On Tuesday, Jan. 29, Lisa Shames, Director of Natural Resources and Environment for the GAO, testified before the House of Representative’s Subcommittee on Oversight and Investigations, Committee on Energy and Commerce, about the FDA’s plan.
One of the main points throughout the GAO report is that more “specific information about its (FDA) strategies and the resources needed to implement this plan” are warranted.
One of the critical flaws OOIDA officials saw in the FDA protection plan is that while it addresses the possible need for mandatory recall authority of food products, it recommends mandatory recalls only when voluntary recalls “are not effective.”

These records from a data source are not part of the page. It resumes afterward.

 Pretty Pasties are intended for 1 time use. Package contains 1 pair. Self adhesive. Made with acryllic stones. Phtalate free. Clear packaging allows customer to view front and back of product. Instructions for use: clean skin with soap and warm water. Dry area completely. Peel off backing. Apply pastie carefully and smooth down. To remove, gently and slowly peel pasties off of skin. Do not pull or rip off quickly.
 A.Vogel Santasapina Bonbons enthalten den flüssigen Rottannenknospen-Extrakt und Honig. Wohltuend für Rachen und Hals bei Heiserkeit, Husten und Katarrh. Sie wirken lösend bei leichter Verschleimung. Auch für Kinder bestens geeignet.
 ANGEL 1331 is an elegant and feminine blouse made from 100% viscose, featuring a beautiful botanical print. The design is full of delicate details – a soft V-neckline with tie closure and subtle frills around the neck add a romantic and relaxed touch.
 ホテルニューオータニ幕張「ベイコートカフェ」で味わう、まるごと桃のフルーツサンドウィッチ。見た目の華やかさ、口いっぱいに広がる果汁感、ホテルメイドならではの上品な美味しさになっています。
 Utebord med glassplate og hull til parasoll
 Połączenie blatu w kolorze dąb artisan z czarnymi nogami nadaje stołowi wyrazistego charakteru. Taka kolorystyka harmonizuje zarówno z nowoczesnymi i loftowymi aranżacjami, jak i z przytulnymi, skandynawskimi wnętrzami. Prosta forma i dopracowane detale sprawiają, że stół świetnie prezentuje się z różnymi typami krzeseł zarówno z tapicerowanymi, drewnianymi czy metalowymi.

“This is just another area where the FDA has allowed the industry to have control over the food supply chain,” Rajkovacz said. “It’s scary to think how many days companies can drag their feet and allow potentially contaminated product to remain out there in the marketplace before FDA invokes their mandatory authority and demands that companies remove their potentially contaminated product from the food supply chain.”
According to the FDA plan, mandatory recalls would be “imposed only if a firm refuses or unduly delays conducting a voluntary recall.” The FDA plan states that there have been situations “in which firms are unwilling to conduct a recall.”
The GAO report also questions the effectiveness of imposing a mandatory recall only after a company refuses to do so.
“Further, the plan does not propose a definition of ‘undue delay’ by a company, another critical element of recall authority given that timing is essential in reacting to outbreaks, and delays can cost lives,” states the GAO report.